Problem requirements |
Using the records that follow, reproduce exactly the lines starting at the line containing "Θήκη τηλεφώνου από" and ending at the line containing "Tension snaps. Derrick". Include both end lines and no pictures.

↓

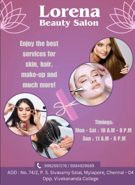 We offer various beauty treatments such as facial, threading, waxing, clean up, bleaching, haircut, hair spa, hair color, manicure, pedicure, bridal makeup, party makeup along with personal care at Lorena Beauty Parlour in Mylapore. Our aim is to give quality service, maintain hygiene, and ensure that every customer feels confident and happy after visiting us.
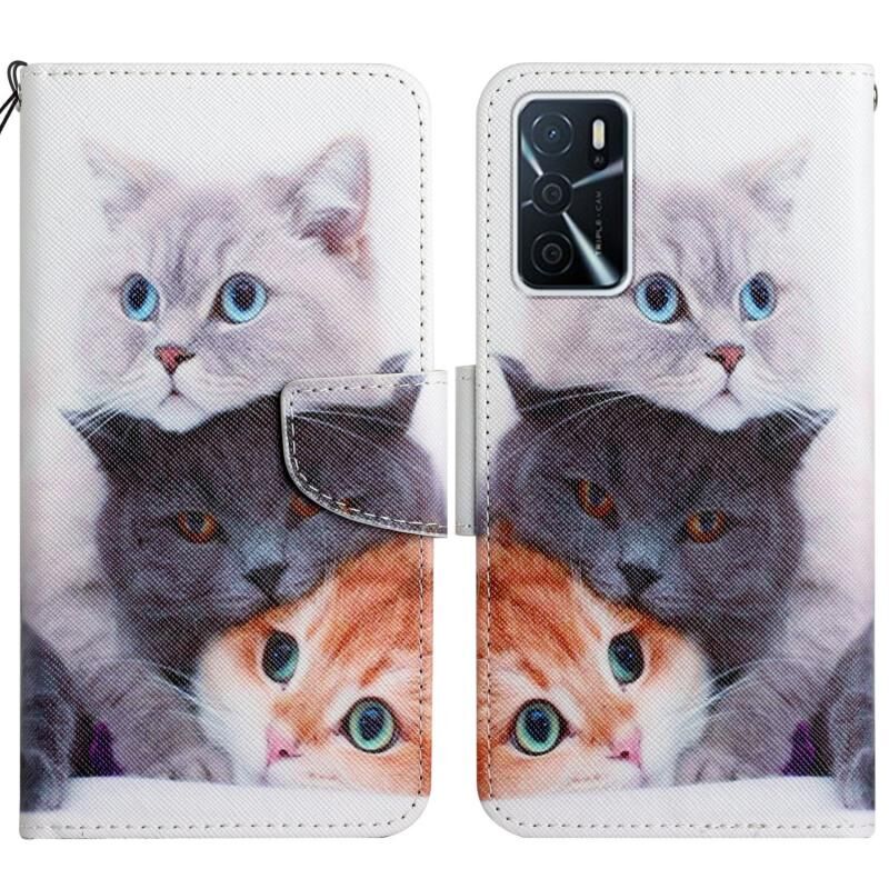 Θήκη τηλεφώνου από δέρμα με σχέδιο και αναδιπλούμενο καπάκι για OPPO A16 (Τρία Γατάκια)
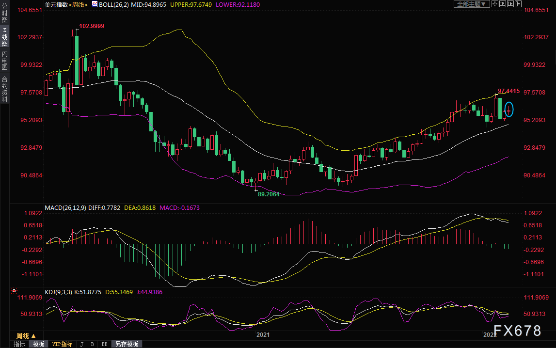 (美元指数周线图)在担心乌克兰局势之际,市场对美联储可能在未来一年加息多达七次的前景感到不安。美国圣路易斯联储主席布拉德周一(2月14日)再次呼吁美联储加快加息步伐。这帮助美元指数在周一创下本周高点。但美联储会议纪要并如如市场预期的那么鹰派,随后美元震荡走弱,周三创下本周低点。
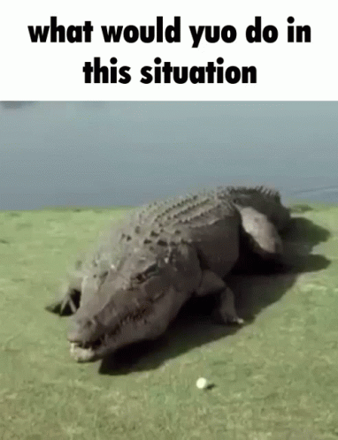 Paglalarawan ng Content: a picture of a crocodile with the caption what would yuo do in this situation .
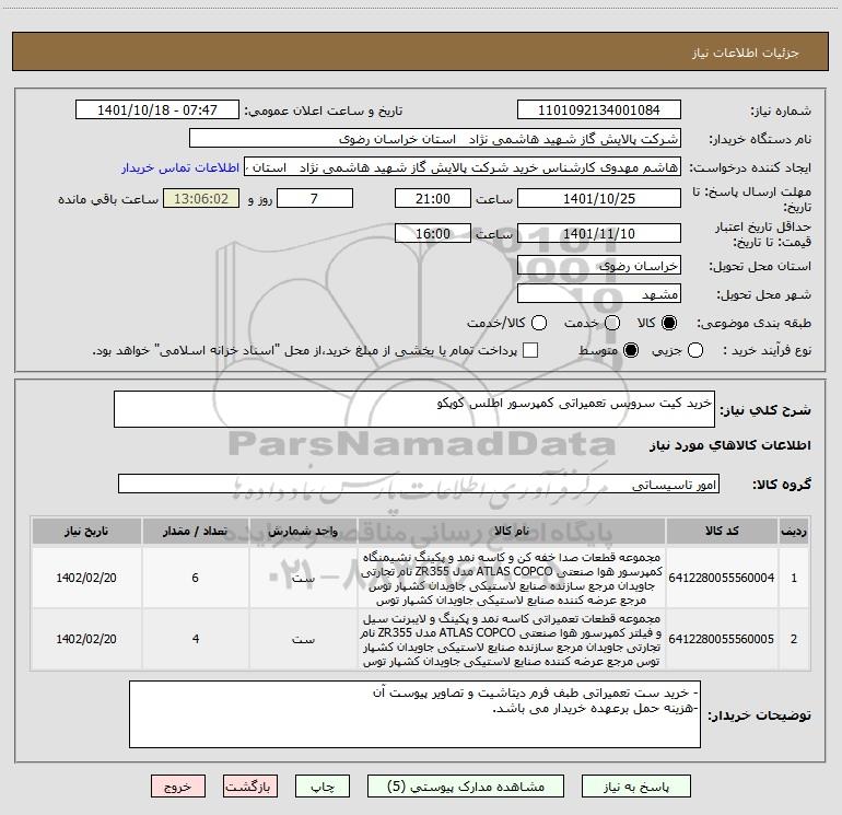 استعلام خرید کیت سرویس تعمیراتی کمپرسور اطلس کوپکو, استعلام خرید کیت سرویس تعمیراتی کمپرسور اطلس کوپکو
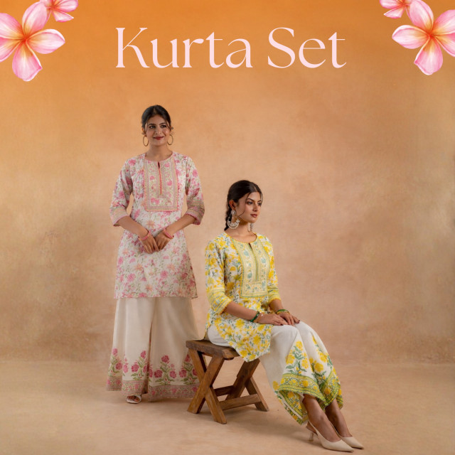 Mustard Floral Printed Viscose Kurta & Pant Set With Button Closure
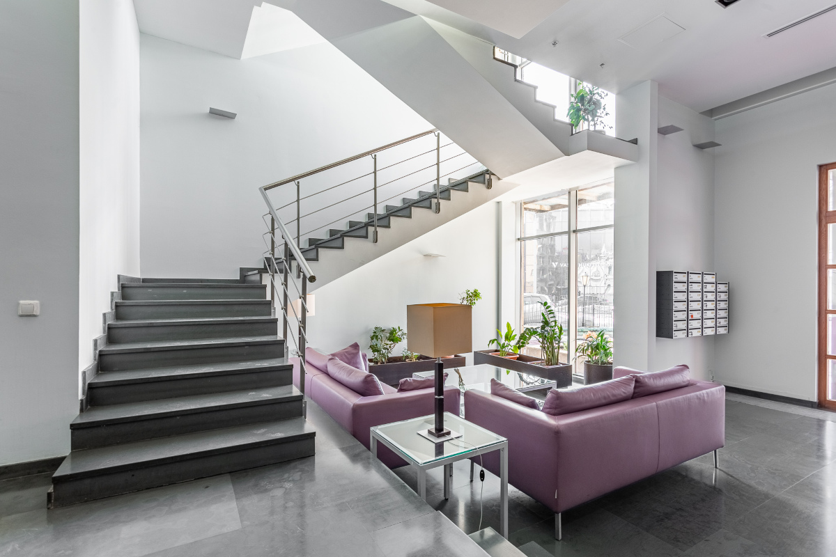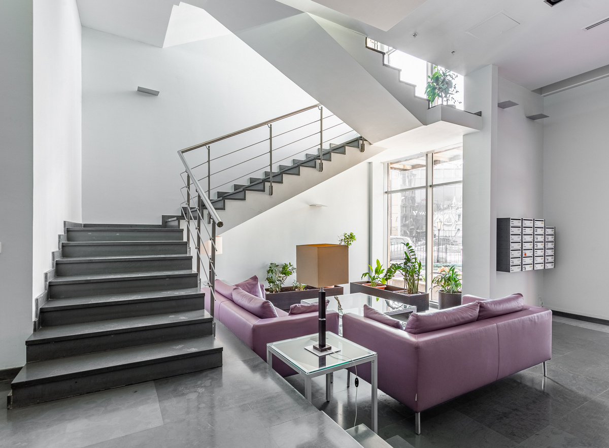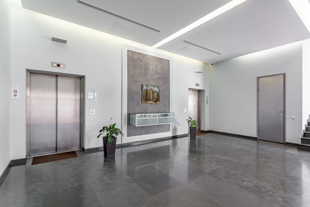 Первый этаж занимает большой лобби с отделкой из мрамора. Дежурит охрана, организованы зоны ожидания. В доме предусмотрены подземный паркинг и наземная парковка. Внутренняя территория огорожена, установлены шлагбаум и видеонаблюдение. Для юных жителей во дворе оборудована игровая площадка.
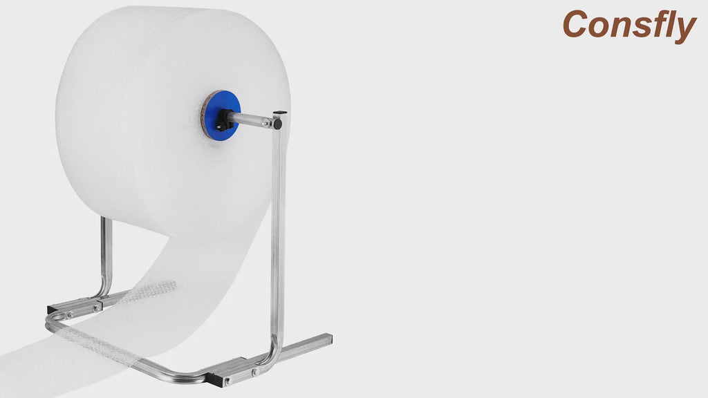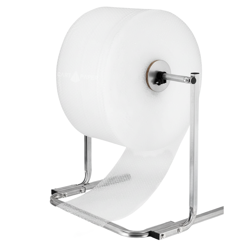 Optimiza tu mesón de trabajo con el único dispensador diseñado para bobinas industriales de plástico burbuja y cartón corrugado. Su diseño robusto permite montarlo en cualquier mesa de empaque sin necesidad de perforar
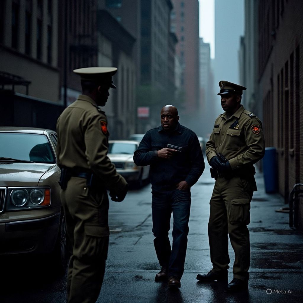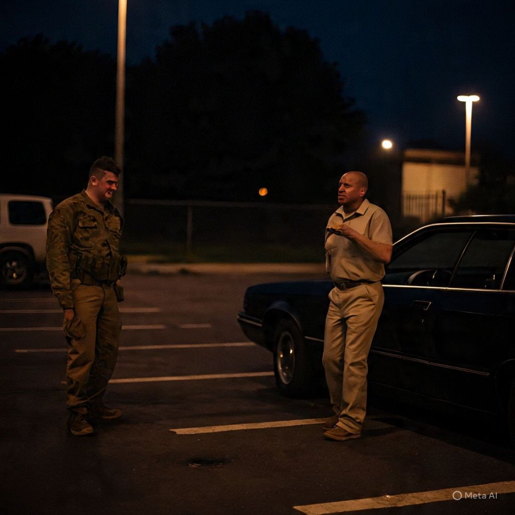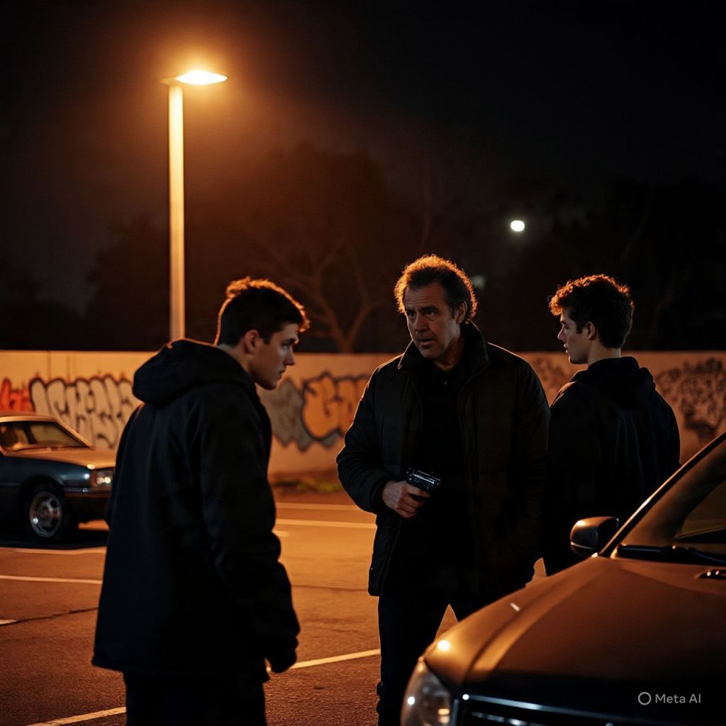 Tension snaps. Derrick pulls his gun, firing wild into the night. The soldiers scatter, shooting back. Bullets ricochet off cars, glass shatters, alarms blare.
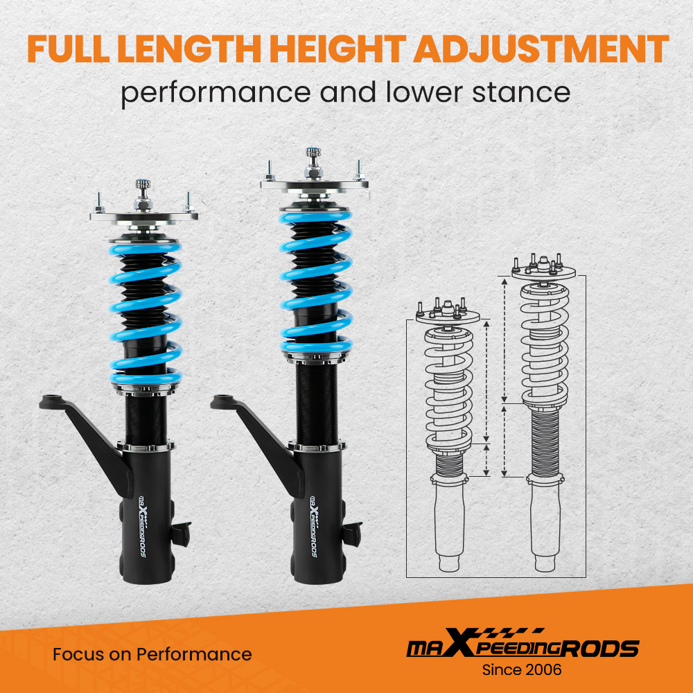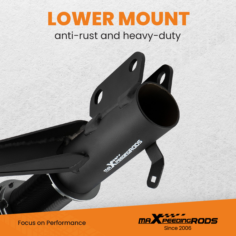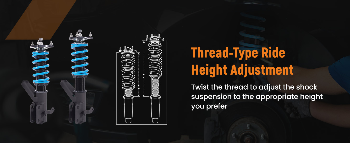 1. Lowered height adjustment from 1" - 3" (depends on vehicle models)which allow lower center of gravity and also add a more aggressive stance
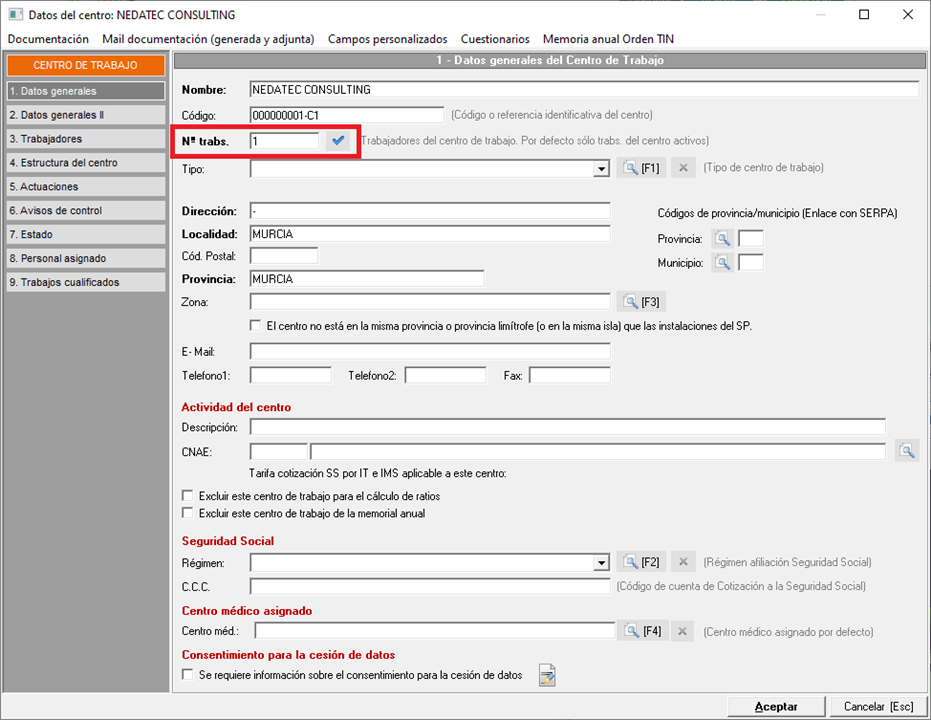 a. Nº de trabajadores indicados en la ficha del centro. Se obtendrá el número de trabajadores indicado la ficha de datos del centro, en concreto en la caja de texto que podemos encontrar en el apartado ‘Datos generales’ de la ficha del centro para el que se genera la memoria
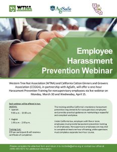 Last month, the California Cotton Ginners and Growers Association (CCGGA) and Western Tree Nut Association (WTNA), in partnership with AgSafe, held a one-hour Harassment Prevention Training for nonsupervisory employees via live webinar. This week they will be offering another training via live webinar on Wednesday, April 15. The webinar will be offered in two sessions:
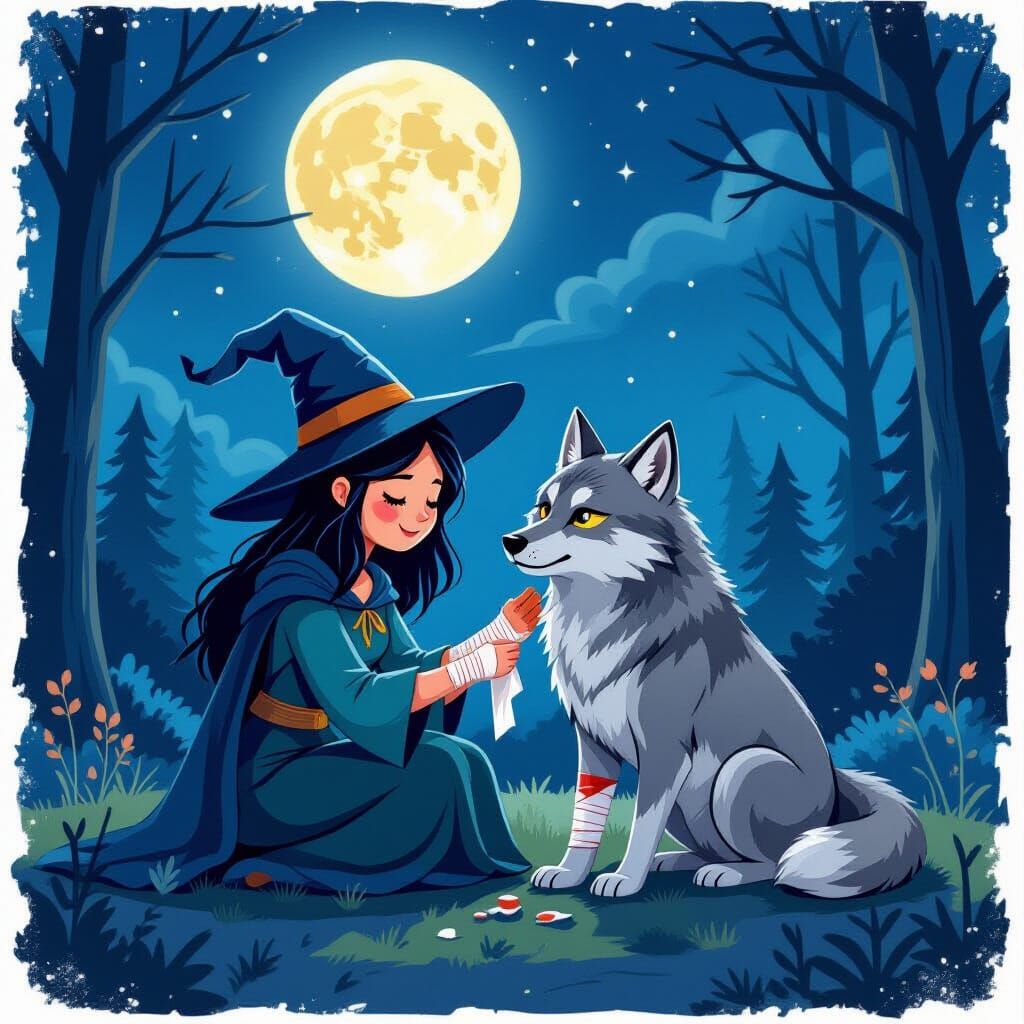 This image shows a gentle witch caring for an injured wolf beneath a bright full moon. The scene evokes a sense of magic and compassion in a nocturnal setting.

↑

Solution to the problem |
 Θήκη τηλεφώνου από δέρμα με σχέδιο και αναδιπλούμενο καπάκι για OPPO A16 (Τρία Γατάκια)
 (美元指数周线图)在担心乌克兰局势之际,市场对美联储可能在未来一年加息多达七次的前景感到不安。美国圣路易斯联储主席布拉德周一(2月14日)再次呼吁美联储加快加息步伐。这帮助美元指数在周一创下本周高点。但美联储会议纪要并如如市场预期的那么鹰派,随后美元震荡走弱,周三创下本周低点。
 Paglalarawan ng Content: a picture of a crocodile with the caption what would yuo do in this situation .
 استعلام خرید کیت سرویس تعمیراتی کمپرسور اطلس کوپکو, استعلام خرید کیت سرویس تعمیراتی کمپرسور اطلس کوپکو
 Mustard Floral Printed Viscose Kurta & Pant Set With Button Closure
 Первый этаж занимает большой лобби с отделкой из мрамора. Дежурит охрана, организованы зоны ожидания. В доме предусмотрены подземный паркинг и наземная парковка. Внутренняя территория огорожена, установлены шлагбаум и видеонаблюдение. Для юных жителей во дворе оборудована игровая площадка.
 Optimiza tu mesón de trabajo con el único dispensador diseñado para bobinas industriales de plástico burbuja y cartón corrugado. Su diseño robusto permite montarlo en cualquier mesa de empaque sin necesidad de perforar
 Tension snaps. Derrick pulls his gun, firing wild into the night. The soldiers scatter, shooting back. Bullets ricochet off cars, glass shatters, alarms blare.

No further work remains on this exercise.